Alix Marian Freedman is an American journalist, and ethics editor at Thomson Reuters.
Tom McGinty is a Pulitzer Prize-winning investigative journalist known for his use and advocacy of computer-assisted reporting.
Mark Maremont is an American business journalist with the Wall Street Journal. Maremont has worked on reports for the Journal for which the paper received two Pulitzer Prizes.
Jesse Eisinger is an American journalist and author. Winner of the Pulitzer Prize for National Reporting in 2011, he currently works as a senior reporter for ProPublica. His first book, The Chickenshit Club: Why the Justice Department Fails to Prosecute Executives, was published by Simon & Schuster in 2017.

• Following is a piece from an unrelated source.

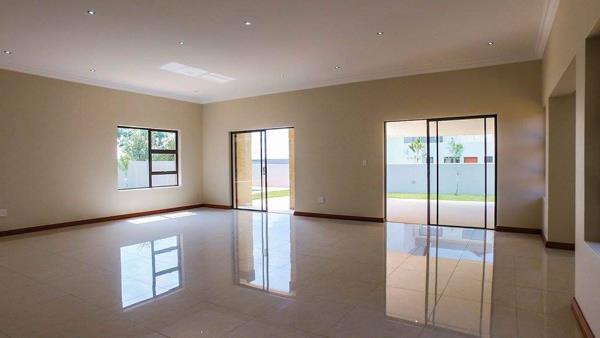 An exquisitely designed single-story house is now available for purchase in the serene Serengeti Lifestyle Estate. This stunning property boasts expansive open living spaces that facilitate family bonding while engaging in activities such as watching movies or playing games, all while someone prepares meals in the kitchen. The open-plan living area accommodates a lounge, dining room, and study nook.

Kirsten Grind is an American journalist and author. She is an investigative reporter for The Wall Street Journal in San Francisco, the co-author of the book Happy At Any Cost, The Revolutionary Vision and Fatal Quest of Zappos CEO Tony Hsieh, and The Lost Bank: The Story of Washington Mutual—The Biggest Bank Failure in American History.
Russell Gold is an author and journalist for Texas Monthly. He was previously an investigative reporter for The Wall Street Journal and the San Antonio Express-News and suburban correspondent for The Philadelphia Inquirer.
Vanessa O'Connell is a journalist at Reuters and co-author of Wheelmen: Lance Armstrong, the Tour de France, and the Greatest Sports Conspiracy Ever. As an editor and reporter, O'Connell wrote award-winning stories at The Wall Street Journal.
John Carreyrou is a French-American investigative reporter at The New York Times. Carreyrou worked for The Wall Street Journal for 20 years between 1999 and 2019 and has been based in Brussels, Paris, and New York City. He won the Pulitzer Prize twice and is well known for having exposed the fraudulent practices of the multibillion-dollar blood-testing company Theranos in a series of articles published in The Wall Street Journal.
Susanne Craig is a Canadian investigative journalist who works at The New York Times. She was the reporter to whom Donald Trump's 1995 tax returns were anonymously mailed during the 2016 presidential election. In 2018, Craig was an author of The New York Times investigation into Donald Trump's wealth that found the president inherited hundreds of millions of dollars from his father, some through fraudulent tax schemes. She won the Pulitzer Prize for Explanatory Reporting in 2019 for this coverage.
Eric Eyre is an American journalist and investigative reporter, best known for winning the Pulitzer Prize in investigative reporting for exposing the opioid crisis in West Virginia. He was a statehouse reporter for the Charleston Gazette-Mail. He resigned his position in April 2020. He is also the author of the book, Death in Mud Lick: A Coal Country Fight Against the Drug Companies That Delivered the Opioid Epidemic.
Anthony Cormier is an American journalist with BuzzFeed News, and formerly with the Tampa Bay Times and the Sarasota Herald-Tribune. Cormier was a co-recipient of the 2016 Pulitzer Prize for Investigative Reporting.